I happily pass on some of the beautiful pearls of wisdom I found in Yung Pueblo’s book “Lighter”:

Be honest with yourself, open and compassionate. Accept yourself unconditionally, look at yourself in a non-judgemental way. That way we can connect closely with ourselves and be whole.
A real sign of progress is when we no longer punish ourselves for our imperfections. 
You are the key to your healing, not time. Hurt, trauma, and dense conditioning will continue sitting in your mind, impacting your emotions and behaviour, until you go inward. What heals is self-love, learning to let go, self-awareness, and building new habits.
Essentials to remember on tough days:
Practice patience
Accept what you feel
Do not punish yourself
Make sure you get good rest
Give yourself ample kindness
Accomplish smaller goals that day
Do things that will calm your mind
A bad moment does not equal a bad life
Struggle can be a space for deep growth
This current discomfort is not permanent.
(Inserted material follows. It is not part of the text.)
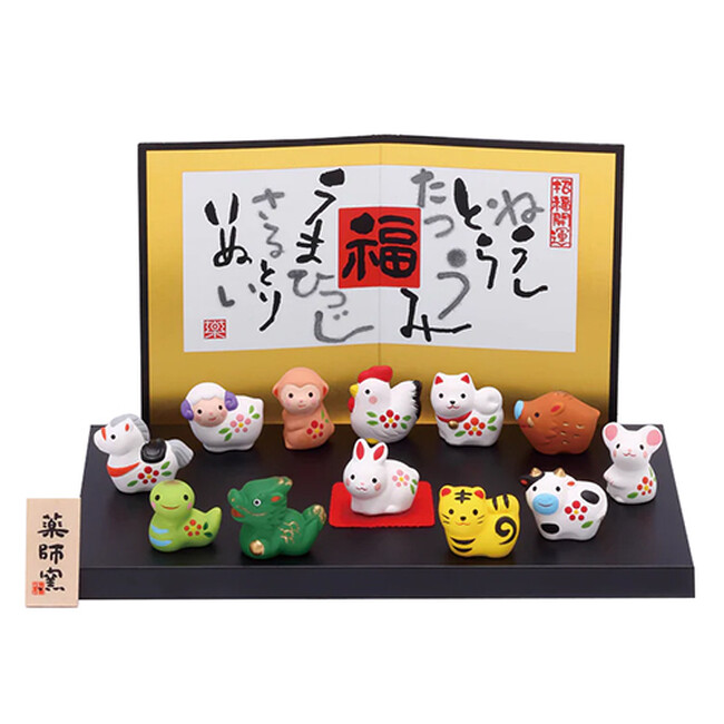 薬師窯 錦彩招福十二支飾り 3,080円・ほっこりした表情が可愛い、にぎやかな十二支飾りです。

This amazing book radiates kindness through and through, and a deep knowing that we humans are capable of so much more than we know.


Self-love is a sincere acceptance of the past, an agreement to make the most of the present, and a willingness to allow the best to occur in the future.

Yung Pueblo

Imagining how it would be like to be at peace with myself feels good. Right now it is a fragile notion – like a dream fading away just seconds after waking up – but leaving a certain feeling behind. All I know is that it’s the right path for me so, I’m taking that first step, exploring the unknown.
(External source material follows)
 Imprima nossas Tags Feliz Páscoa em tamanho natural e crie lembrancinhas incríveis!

I encourage you who are reading these lines, to give yourself the space you need and allow all aspects of your personality to exist. That is freedom. Have trust and be curious where the road will take you, and embrace what you can pick up along the way.

We are on a lifelong healing journey and will never be done with learning, evolving and getting to know ourselves – until the end of our lives.

Eventually, I am confident to end up in a place where I am meant to be. 

And so will you.

Do the earth a favour, don’t hide your magic.